Abstract:
A method and structure for an apparatus for removing metal from an integrated circuit structure is disclosed. A container holds an integrated circuit structure that has a metal portion. An electronic device connected to the container produces an electronic field proximate to a limited region of the metal portion. A first supply connected to the container supplies an oxidizing agent within the container. A solvent supply connected to the container supplies solvent to the limited region of the metal portion.

Description:
BACKGROUND OF THE INVENTION 
   1. Field of the Invention 
   The present invention generally relates to removing metal from integrated circuit (IC) structures and more particularly to an improved method that utilizes an electronic field to oxidize a limited region of metal, after which the oxidized portion of the metal is removed using a solvent. 
   2. Description of the Related Art 
   The clean milling of metal features in IC products has been, and still is, a very active field of research.
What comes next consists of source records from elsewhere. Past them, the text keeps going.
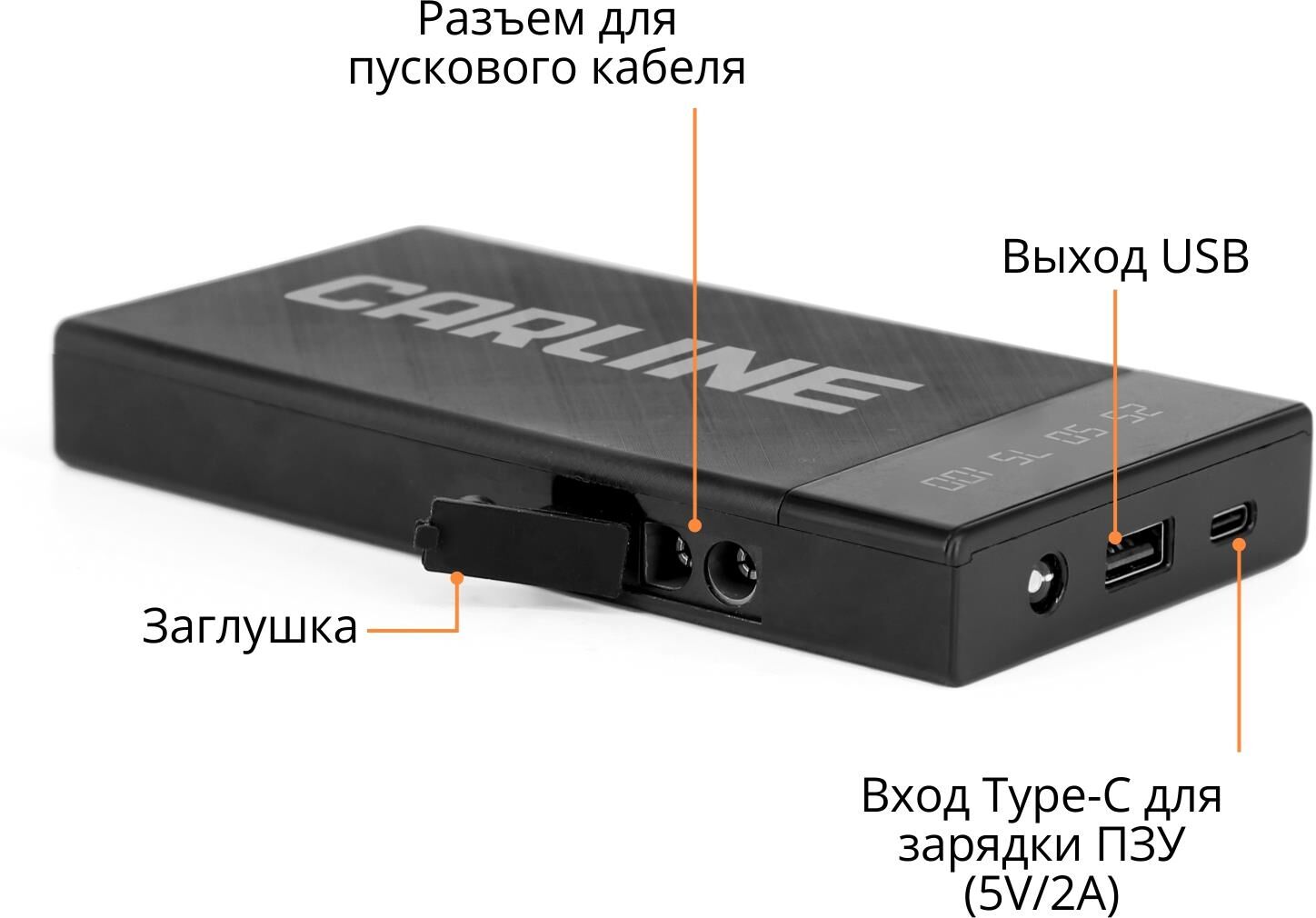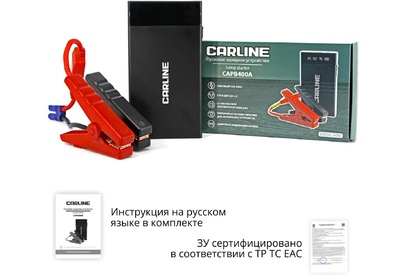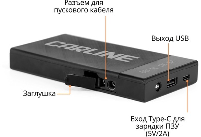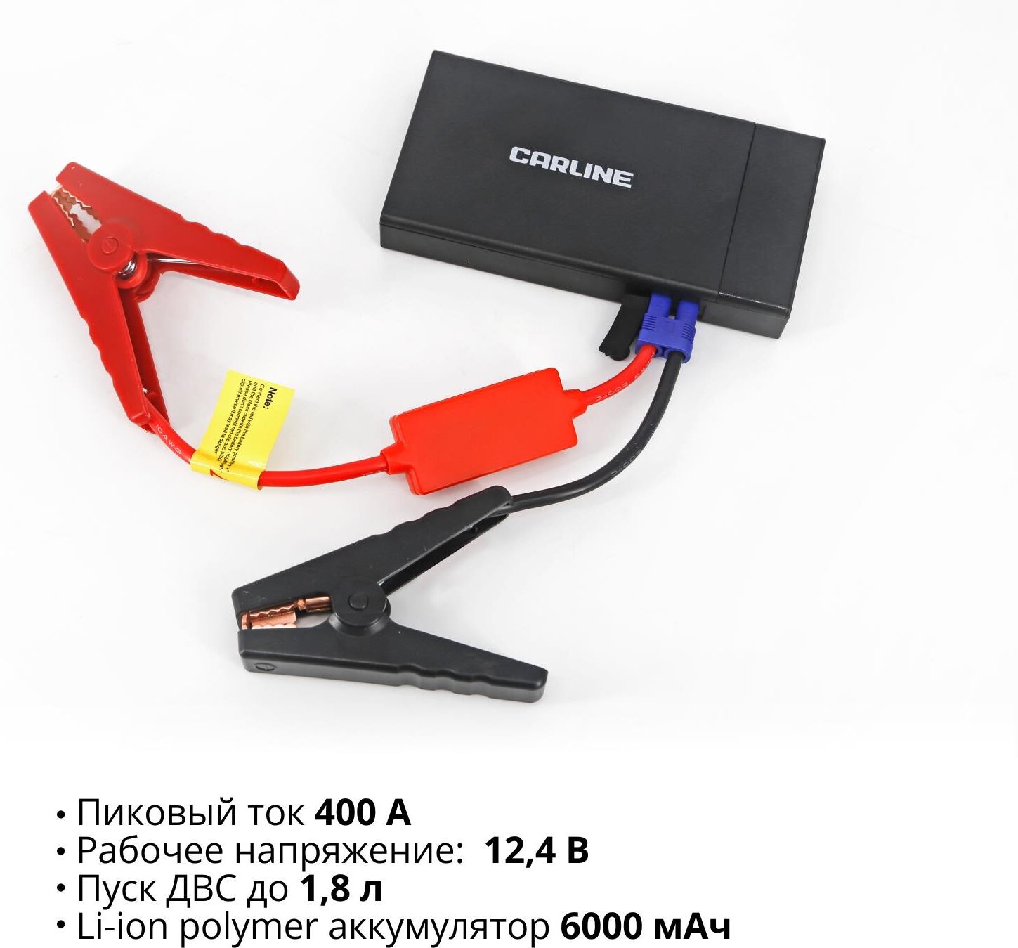 Усиленные медные зажимы «крокодил» • Многоуровневая защита от короткого замыкания и переполюсовки • Li-ion polimer аккумулятор класса +AAA • Цифровая индикация уровня заряда • Входной заряд через разъем Tipe-C • Функция PowerBank через разъем USB • Пусковое зарядное устройство • Стартовые провода с зажимами и блоком защиты • Кабель 3-в-1 (USB – microUSB/Type-c/Lightning) • Инструкция по эксплуатации • Гарантийный талон • Входные параметры: Tipe-C - 5V/2A • Выходные параметры: USB - 5V/2.1A • Ёмкость встроенного аккумулятора: 6000 мАч • Пиковый ток: 400А • Пусковое напряжение: 12,4 V • Тип встроенного аккумулятора: Li-ion polimer • Встроенный фонарик • Бренд: CARLINE • Страна производства: Китай • Материал: ABS пластик/металл
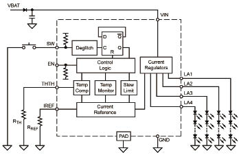 對于汽車應(yīng)用,在以每串高達(dá)100mA的總電流驅(qū)動4串(每串1~3個LED)時,可以實現(xiàn)最佳性能。輸出可以并行連接,或者按要求閑置。
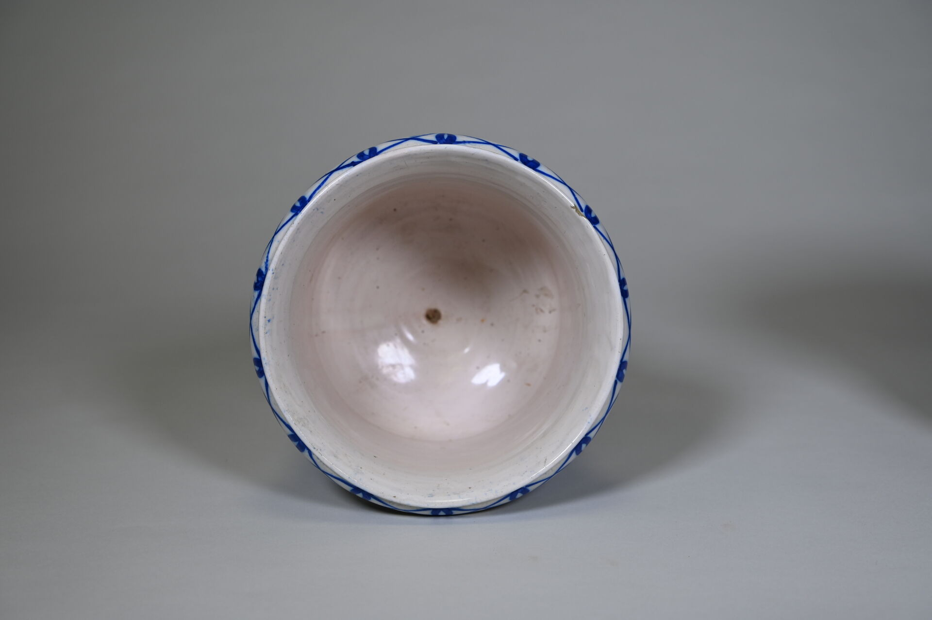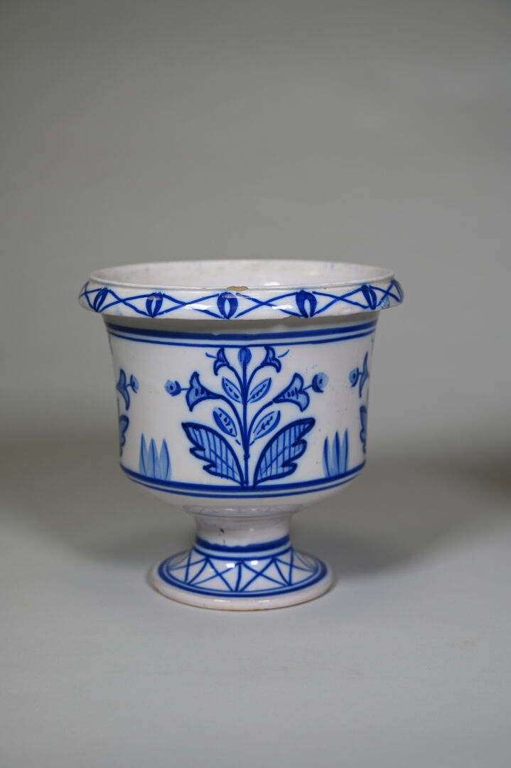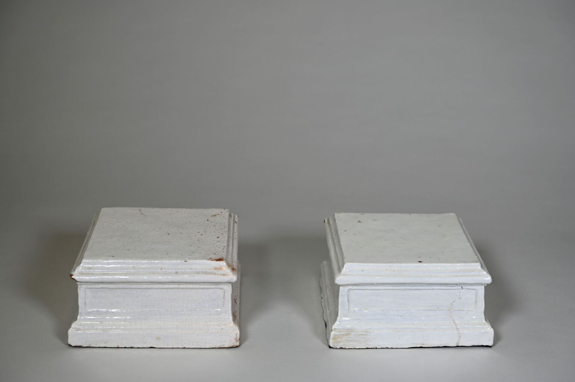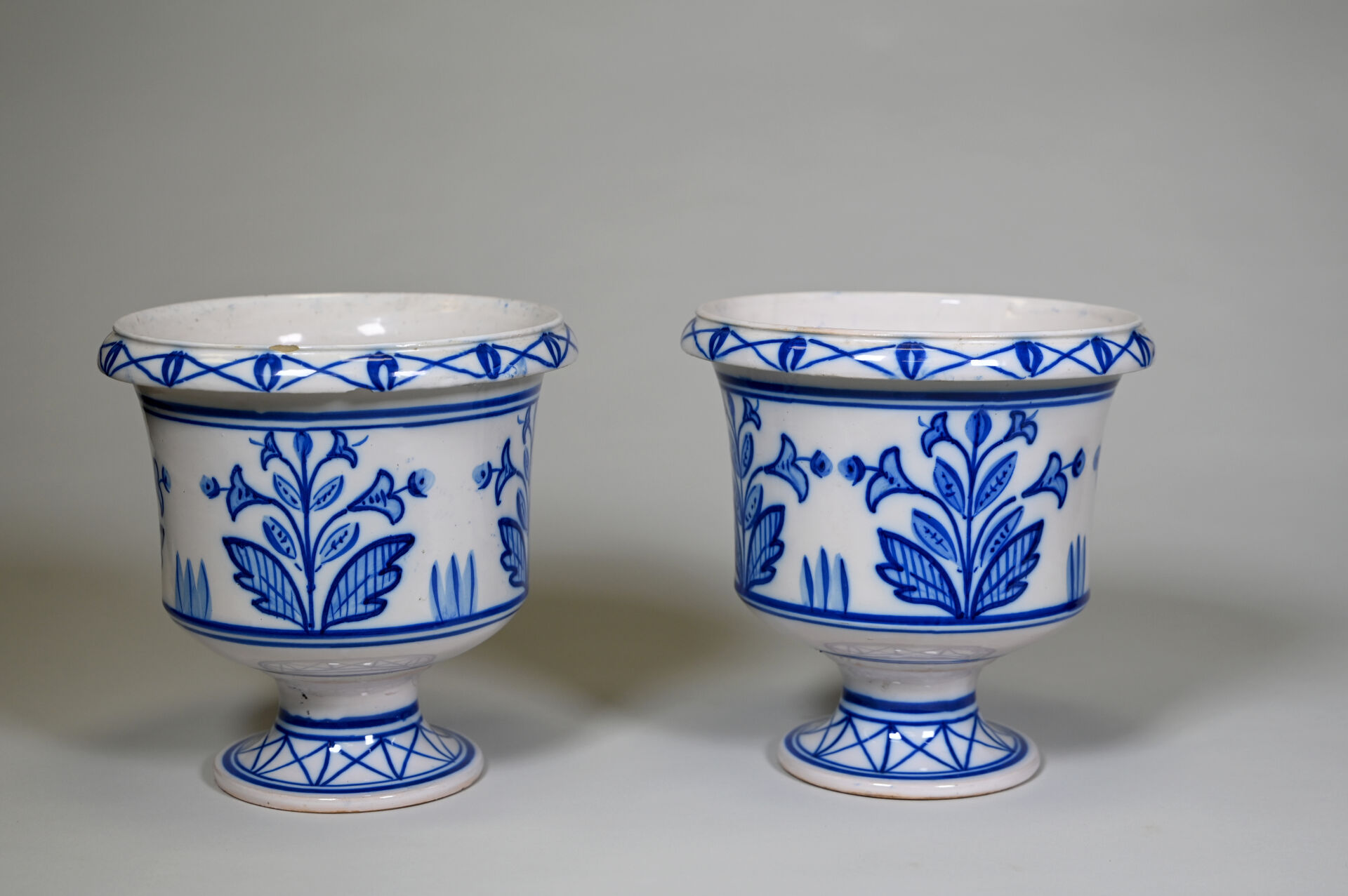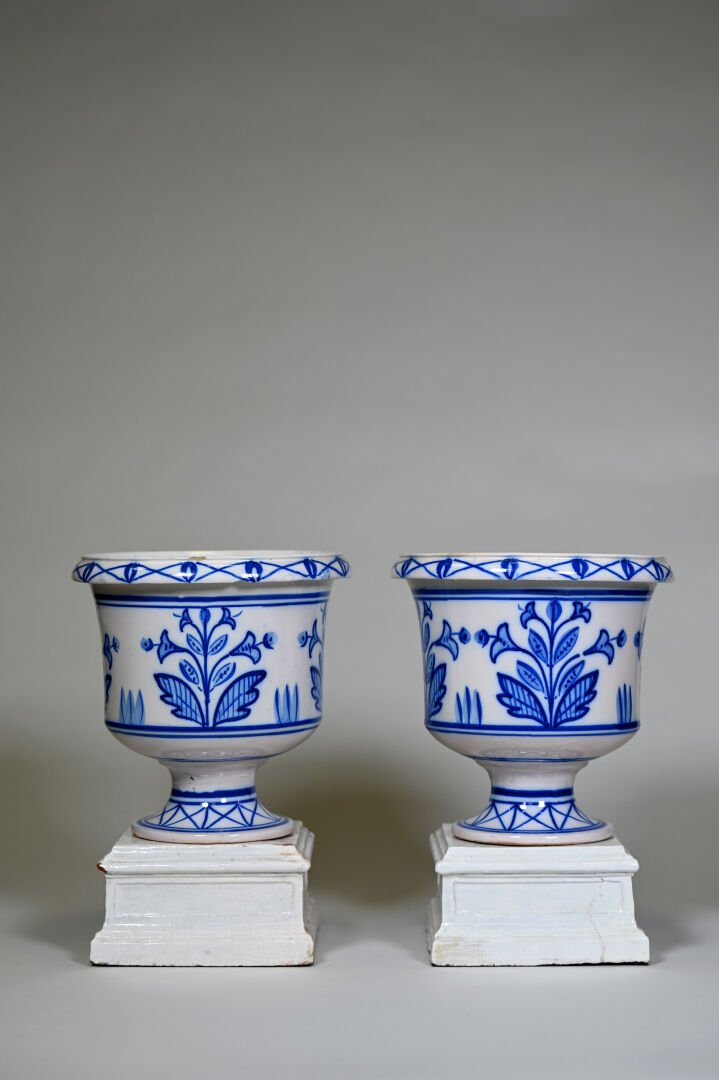 Paire de vases décoratifs « Médicis » sur piédouche en faïence à décor en bleu sous couverte (un pied accidenté). Époque fin XIXème début XXème. Haut. : 24,5 cm. On joint deux socles en terre cuite émaillée crème, non réalisés pour ces pièces.
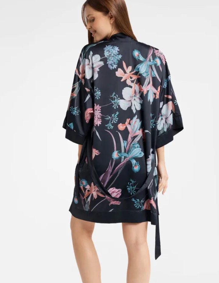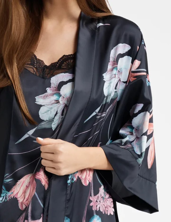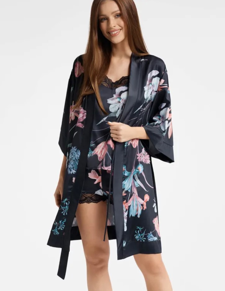 Нежный женский халат Lover порадует любую любительницу восточного дизайна. Это интересный дизайн кимоно, в котором воздушность атласа сочетается с цветочным принтом. Выбирайте женский халат Lover с рукавом 3/4 и получите комплект летних пижам из этой же коллекции.

More specifically, the clean removal of metal features is an active topic in research for improving today&#39;s chip repair processes. The ability to do such editing/repair is especially important in the IC chip fabrication process to permit salvage/rework of metal features. Present methods for editing metal features have limited utility because of non-volatility and subsequent re-deposition of metal after local editing is performed, usually by focused ion beam (FIB) techniques. Thus, there is a need for improved apparatus and methods that allow the clean milling of metal features anywhere in the structure of the IC (e.g., surface or deephole). 
   SUMMARY OF THE INVENTION 
   The invention provides apparatus and methods for removing metal from an integrated circuit structure. The invention allows the clean milling of metal features anywhere in the structure of the IC. 
   In one aspect, the invention encompasses an apparatus for removing metal from an integrated circuit structure, the apparatus comprising: 
   an electronic device adapted to apply an electronic field to a limited region of the metal; and 
   a solvent supply operatively connected to the electronic device, the solvent supply being adapted to supply solvent to the limited region of the metal. 
   In another aspect, the invention encompasses an apparatus for removing metal from an integrated circuit structure, the apparatus comprising:
         (i) a container adapted to hold an integrated circuit structure that has a metal portion,   (ii) an electronic device connected to the container, the electronic device being adapted to produce an electronic field proximate to a limited region of the metal portion,   (iii) a first supply connected to the container, the first supply being adapted to supply an oxidizing agent within the container,   (iv) a solvent supply connected to the container, the solvent supply being adapted to supply solvent to the limited region of the metal portion.
 
The electronic device is preferably a probe. The solvent supply is preferably a hollow portion within the probe. The electronic device is more preferably an ion beam generator or a microscope tip. The solvent preferably has chemical properties that facilitate removal of metal oxides. The electronic field in combination with the oxidizing agent causes the limited region of the metal to become metal oxide.
       

   In another aspect, the invention encompasses a method of removing metal from an integrated circuit structure, the method comprising:
         (i) oxidizing a limited region of the metal by applying an electronic field to the limited region, and   (ii) removing the limited region by applying a solvent to the limited region.
 
The oxidizing is preferably performed in an atmosphere containing an oxidizing agent. The oxidizing produces a metal oxide preferably only in the limited region of the metal. The solvent preferably has chemical properties that facilitate removal of the metal oxides.
       

   The invention can also create an opening in the integrated circuit structure to expose the metal. The applying of the electronic field directs an ion beam to the limited region of the metal. The applying of the electronic field places an electronic field generated by a probe adjacent to the limited region of the metal. 
   These and other aspects of the invention are described in further detail below.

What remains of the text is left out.